The prosecutor investigating the case, Alberto Nisman, made these demands in reaction to an Iranian Foreign Ministry statement saying that Iran was ready for “cooperation and constructive dialogue.” The statement came on the occasion of the 17th anniversary of the attack.
Argentina justice department officials believe Iran was behind the attack and has issued arrest warrants for Iranian Defense Minister Ahmed Vahidi and five other Iranian citizens in addition to a Lebanese national.
Iran has strongly denied these allegations.
The Iranian statement added that Iran “condemns all terrorist actions, especially the one against the Argentinean Jewish center in 1994, and declares its solidarity with the families of the victims.” Nisman demanded the handover of all suspects as proof of its commitment.
“If the Iranians and their government are ready to cooperate, they should do so once and for all ,and the only way possible: by handing over all of those accused in this terrible terrorist attack… and not making statements devoid of content which lead nowhere,” Nisman said in a press statement.
Iran has agreed to “shed all possible light within he framework of the law and to help in preventing the investigation fro continuing on an erroneous course.”
Meanwhile, Jewish leaders in Argentina have criticized both countries for failing to bring the perpetrators to justice.

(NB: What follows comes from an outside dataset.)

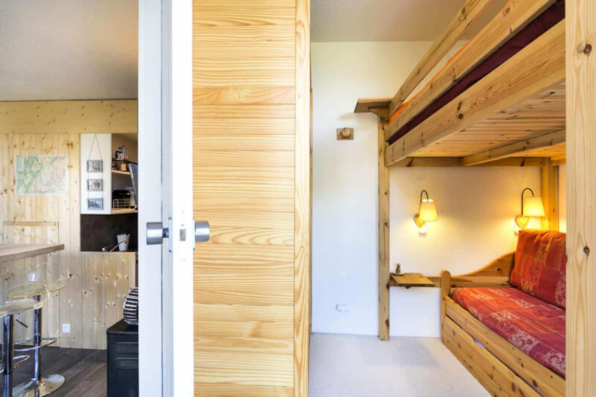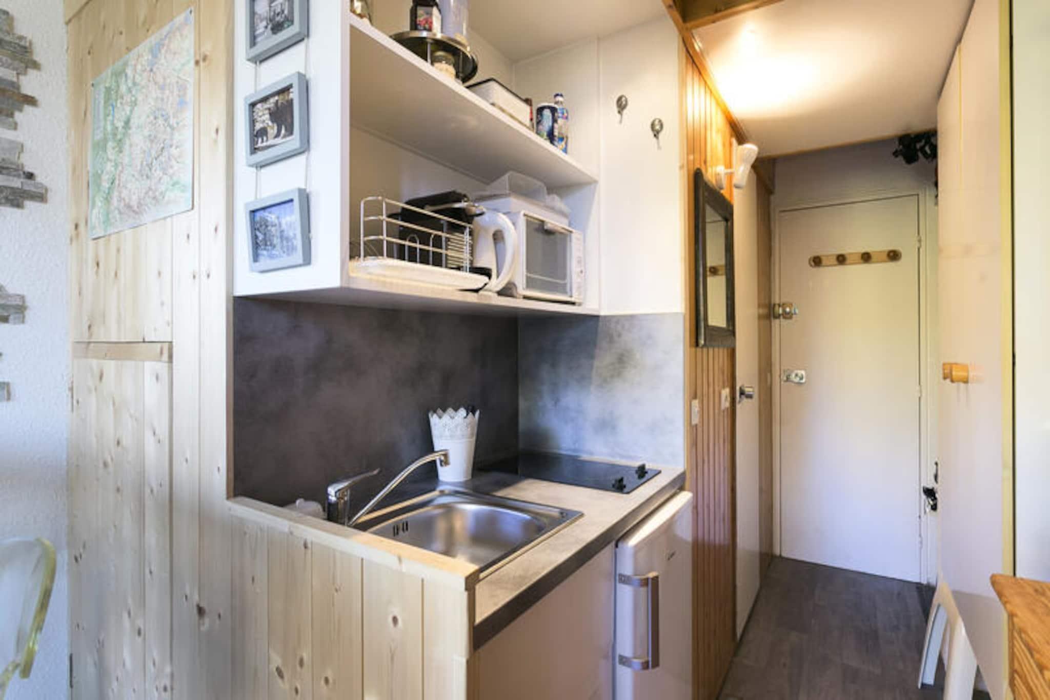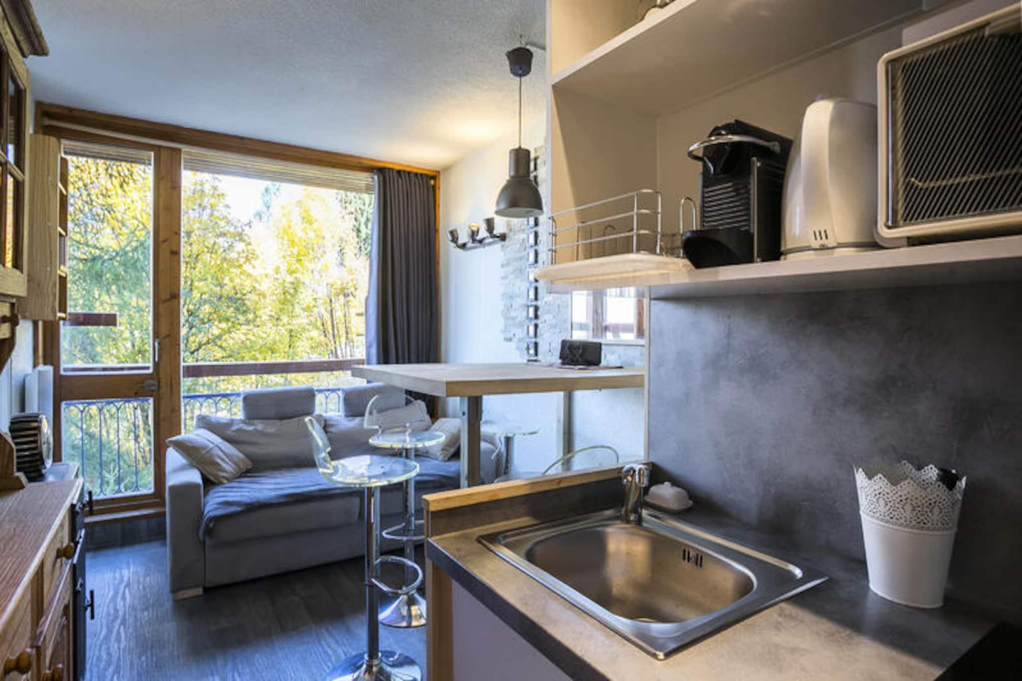 Högt ovanför Villards livliga gator erbjuder denna charmiga lägenhet en mysig tillflyktsort med fantastisk utsikt över de omgivande granarna och de majestätiska bergen. Oavsett om du söker en lugn tillflyktsort eller ett aktivt alpint äventyr, placerar denna residens dig i hjärtat av Les Arcs 1800, där byns pulserande energi möter naturens fridfulla skönhet. Tänk dig att vakna upp till den friska bergsluften och det milda glödet från morgonsolen som silar genom träden, redo att omfamna en dag fylld av utforskning och avkoppling. \n\nDenna omsorgsfullt renoverade tvårumslägenhet rymmer upp till fyra gäster, vilket gör den idealisk för par eller små familjer. Vardagsrummet har en bekväm soffa och en platt-TV, perfekt för att varva ner efter en dag med skidåkning eller vandring. Sovrummet har en mezzaninsäng med dubbelsäng, en bäddsoffa och en utdragssäng, vilket ger flexibla sovarrangemang för alla. Det kompakta men välutrustade köket har keramikhäll, miniugn, kylskåp, mikrovågsugn, brödrost, kaffebryggare och vattenkokare, vilket säkerställer att du har allt som behövs för att laga rejäla måltider. Laminatgolvet och heltäckningsmattan ger utrymmet en varm touch, medan balkongen i norrläge inbjuder dig att njuta av den hisnande utsikten.\n\nBekvämt beläget nära butiker och parkeringsmöjligheter, erbjuder residensen även miljövänliga sängkläder och städtjänster mot en extra avgift. Med enkel tillgång till skidliftar, vandringsleder och buss mellan stationerna, kommer du att vara perfekt positionerad för att utforska underverken i Paradiski-området och bortom.\n\nOavsett om du dras till spänningen i backarna, byns charm eller bergens fridfulla lockelse, lovar denna lägenhet en oförglömlig alpin semester. Låt Les Arcs skönhet inspirera ditt nästa äventyr.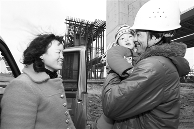 日前,在宁波务工的农民工李兴章迎来了从河南老家到工地探亲的妻子和2岁的儿子宁宁,一家三口准备在工地过年。由中铁四局二公司承建的宁波铁路枢纽北环线重点控制工程——甬江特大铁路斜拉桥工期紧,任务重。春节期间,仍有300余名农民工坚守在施工岗位,李兴章就是他们其中的一员。本报通讯员 杨继纲 李旭 摄

In an event at the rebuilt community center attended by Argentina’s President Kirchner, a Jewish community leader expressed his dissatisfaction with the “impunity, corruption, complacency, lies and hypocrisy” that has characterized the investigation.
He pointed to Argentina’s president at the time of the bombing who was charged by interfering in the investigation by protecting a businessman friend who had been implicated in the attack.
The Jewish community in Argentina was also outraged when Defense Minister Vahidi, who has an Interpol arrest warrant for his arrest, traveled to Bolivia in June and wasn’t arrested.
The Bolivian government expressed lack of awareness about any charges against Vahidi, saying Bolivia “had taken steps to ensure that Mr. Ahmad Vahidi left Bolivian territory immediately.” That didn’t placate the Argentian Jewish community, whose leaders called the Bolivian response “a huge farce.”
What was called for was not his expulsion, but his arrest,” said Aldo Donzis, a leader of the Argentinean Jewish community, which is the largest in Latin America and numbers about 300,000 people.
Argentina’s foreign ministry told the Jewish community it would send a complete report on the attack on the Jewish center, as well as the bombing two years earlier of the Israeli embassy in Argentina that left 29 dead.
President Kirchner has demanded the extradition of Vahidi and other Iranian officials several times in the past.
Ahmadi-Nejad, however, has countered by condemning Kirchner and accused her administration of pandering to the interests of the Jewish minority in Argentina.